“Do I know you?” the woman asked.
Olivia ducked her head, shaking it at the same time, and stepped forward. She turned her face away, wrapping her finger around a strand of hair that had pulled loose from her braid. The woman leaned over her and peered into her face.
“I know you, girl. You have your baby already?”
Olivia looked up, startled, and then it dawned on her. She’d met the woman in lockup when she was awaiting trial.
“Queenie?” She was surprised at the hoarse croak of her voice, then realized that she had not spoken a word in days.
“That’s me. What your name again?”
“Olivia.”
“Right. O-Livia. You get rid of that baby, or you have it?”
Olivia paused. “Both, I guess. I had her, but…” Her voice trailed off.
“But you can’t keep no babies in here.” Queenie nodded. “You had a little girl? What her name?”
“Luna.”
“That’s pretty. That’s moon in Spanish, am I right?”
“Right.”
“My girls are Cassandra and Deandra. They twins.”
“How old are they?”
“Six. Six tomorrow. I’m calling them today in case I don’t get the phone tomorrow. You calling your baby?”
Olivia shook her head. She felt the tears rise in her eyes. “My mom’s taking Luna to Mexico, to her grandparents. She’s going to live there while I’m here. I’m calling my mom’s boyfriend to see if she made it okay.”
“Oh, baby,” Queenie reached out a sympathetic arm and drew Olivia in to her ample bosom. “That so hard. You so far away from her. She can’t even visit you. You poor baby.”

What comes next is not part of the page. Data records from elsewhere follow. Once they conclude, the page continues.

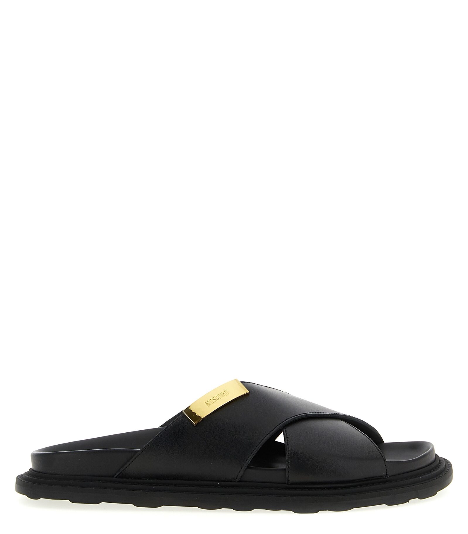 Leather sandal, metal plate with front engraved logo, rubber sole.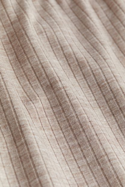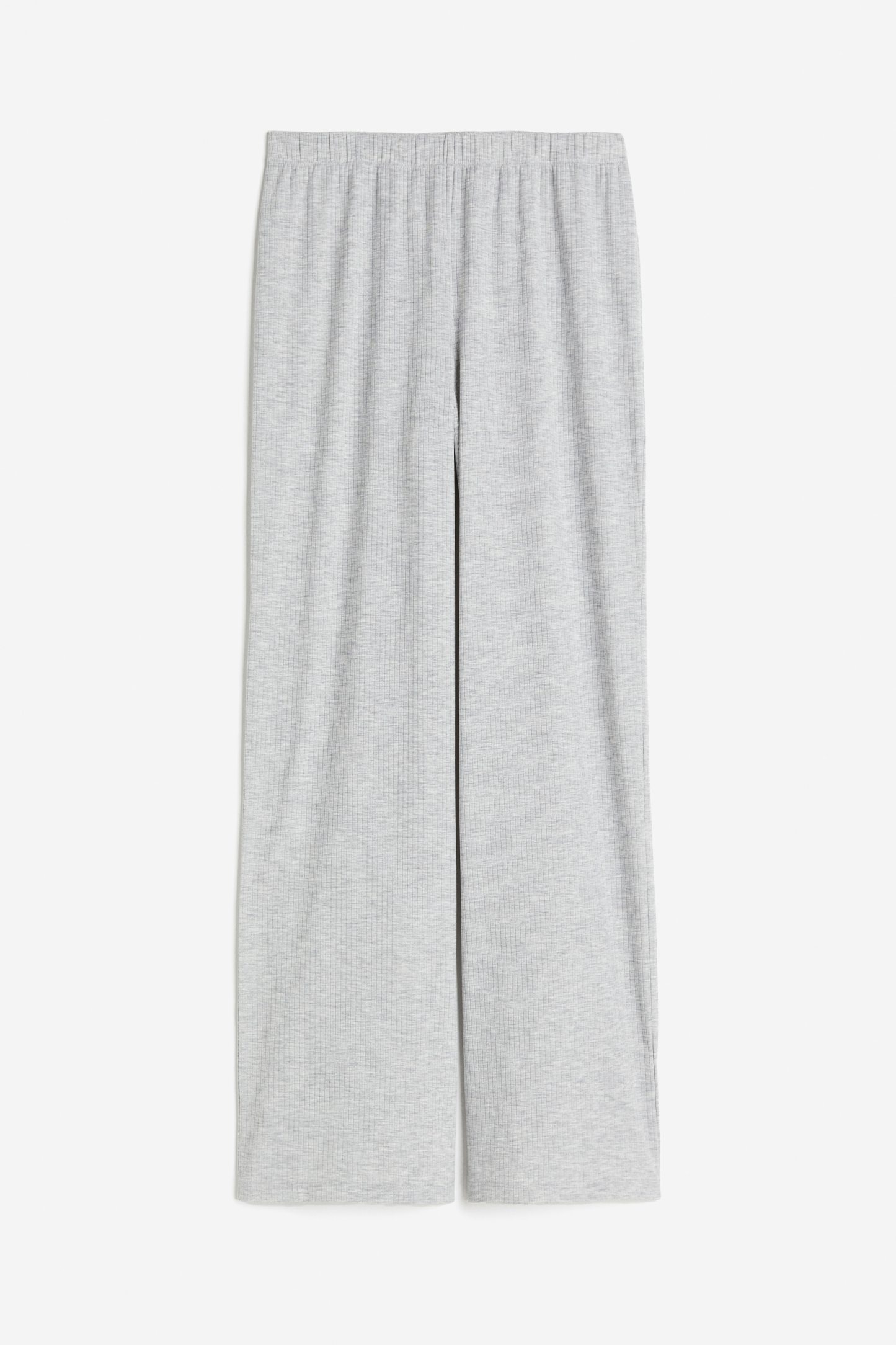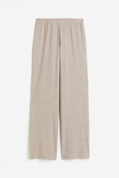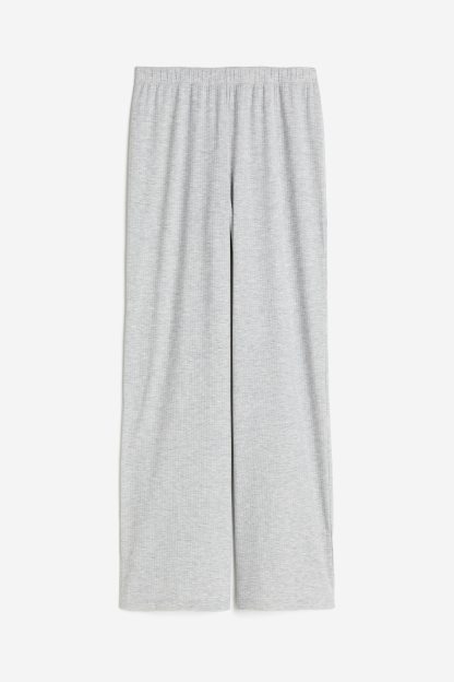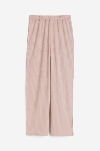 Pyjama buttoms in soft ribbed jersey with covered elastication at the waist and wide, straight legs.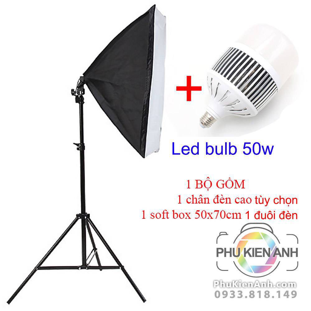 Bộ đèn combo Chân đèn + Softbox 1 đuôi đèn + 1 Led quay phim, livestream, chụp ảnh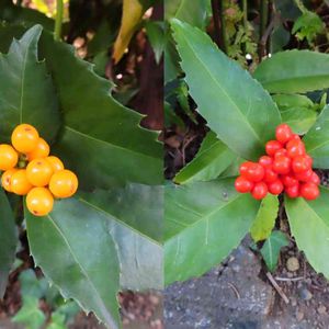 赤い「センリョウ」と黄色い「センリョウ」に出会えました。 パチリ 樹高は50~80cmほど 縁にギザギザのある濃い葉っぱが1年中茂っています。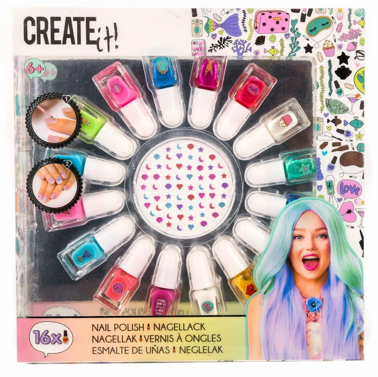 Never wonder which colour to pick for your nails with this nail polish set by Create It!. With 16 different colours you can always match your nails to your bold look. Use the nail art stickers to give your nails the finishing touch.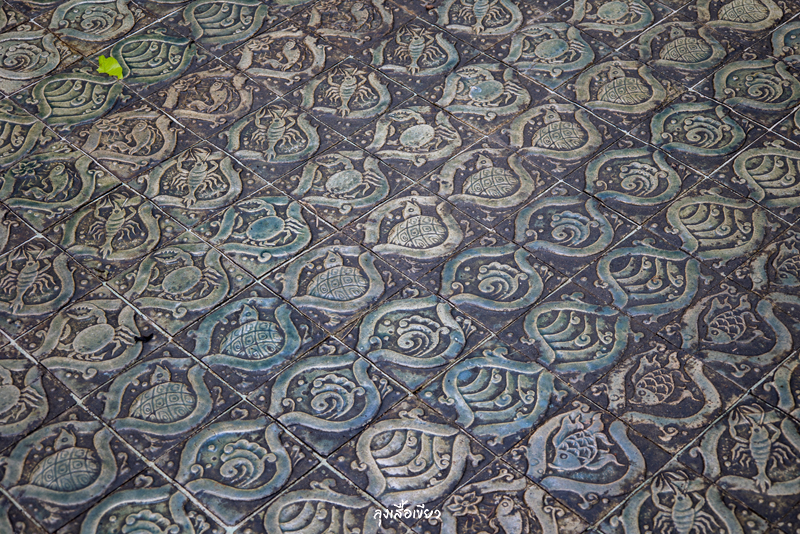 พื้นของรัตนเจดีย์ปูด้วยกระเบื้องที่มีลวดลายเป็นคลื่นน้ำ กุ้ง ปู ปลา เต่า สะท้อนถึงความอุดมสมบูรณ์ของธรรมชาติ ดูสวยงามเลยทีเดียวครับ

Olivia began crying in earnest, but had to dry her tears quickly. It was her turn for the phone.
***
After leaving the Rodriguez home, Elaine took Luna back to her hotel room for their last night alone together. She changed the baby’s diaper and prepared a bottle. She stretched out on the bed, nestled Luna in the crook of her arm, and watched her. The baby’s lips moved vigorously at first, and she stared into Elaine’s eyes as she drank. When she was awake and wriggling, Luna felt small and light in Elaine’s arms. But as her eyes drooped, she seemed to gain weight, grow dense and heavy. Elaine rubbed her face gently against the top of Luna’s head. The baby’s dark hair tickled her cheek, and she took a mouthful of it. She tasted just a hint of salt.

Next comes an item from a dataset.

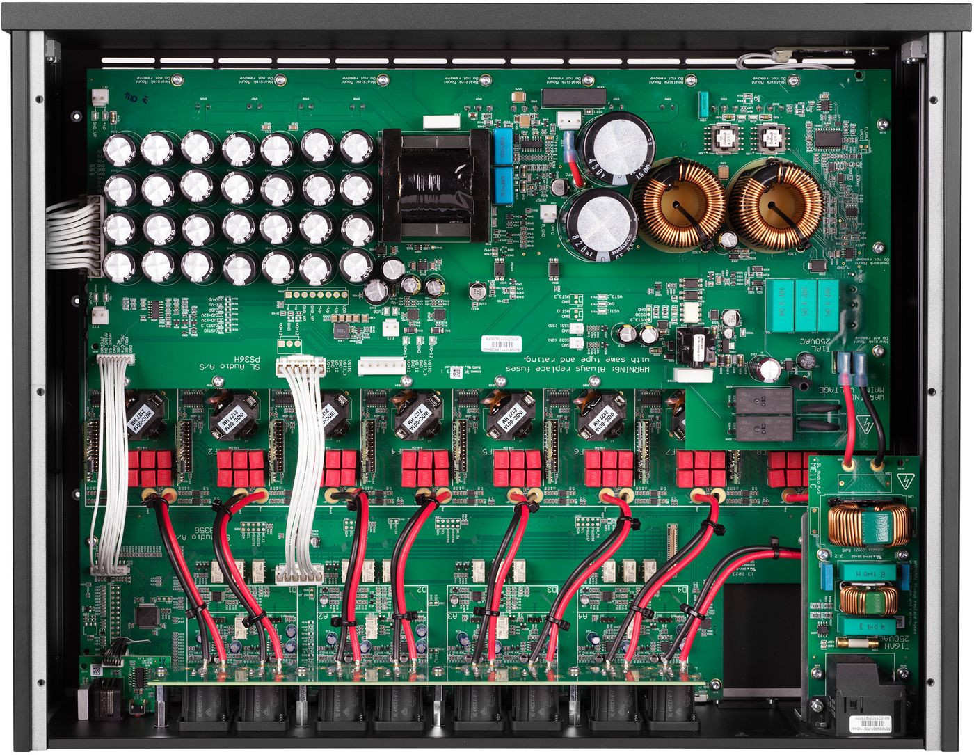 8 wzmacniaczy Purifi o łącznej mocy wyjściowej 3,2 kW i jeszcze wyższej mocy szczytowej stanowi niezwykle duże wyzwanie dla zasilania, co często jest czynnikiem ograniczającym w przypadku popularnych wzmacniaczy wielokanałowych.
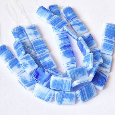 White rectangles with irregular blue stripes

Careful not to wake the baby, Elaine reached across the bed and picked up the telephone.
Arthur sounded pleased to hear from her and launched into a long description of a new cross-county trail he had found. Elaine listened to the hum of his voice, but, busy stroking Luna’s soft cheek, paid little attention to his words. It was only when she heard Olivia’s name that she focused on what he was saying.
“What? What happened?” Elaine asked anxiously.
“Nothing happened. She called, that’s all.”
“How did she sound?”
“She sounded fine.”
“Fine? I find that hard to believe. She hasn’t sounded fine in any of her previous calls. Why should she sound fine now?” Elaine’s voice was sharp and pitched higher than normal. She cleared her throat and lowered her voice. “Sorry. I didn’t mean to bite your head off.”
“Apology accepted. How are things going? Do Jorge’s parents seem like nice people?”
“Oh yes. Lovely. Very sweet. They don’t have much money, but it seems like a happy home.”
“Thank God. I was worried. What a huge relief.”
Elaine felt a sinking in the pit of her stomach. Nothing was going to make what she had to say any easier.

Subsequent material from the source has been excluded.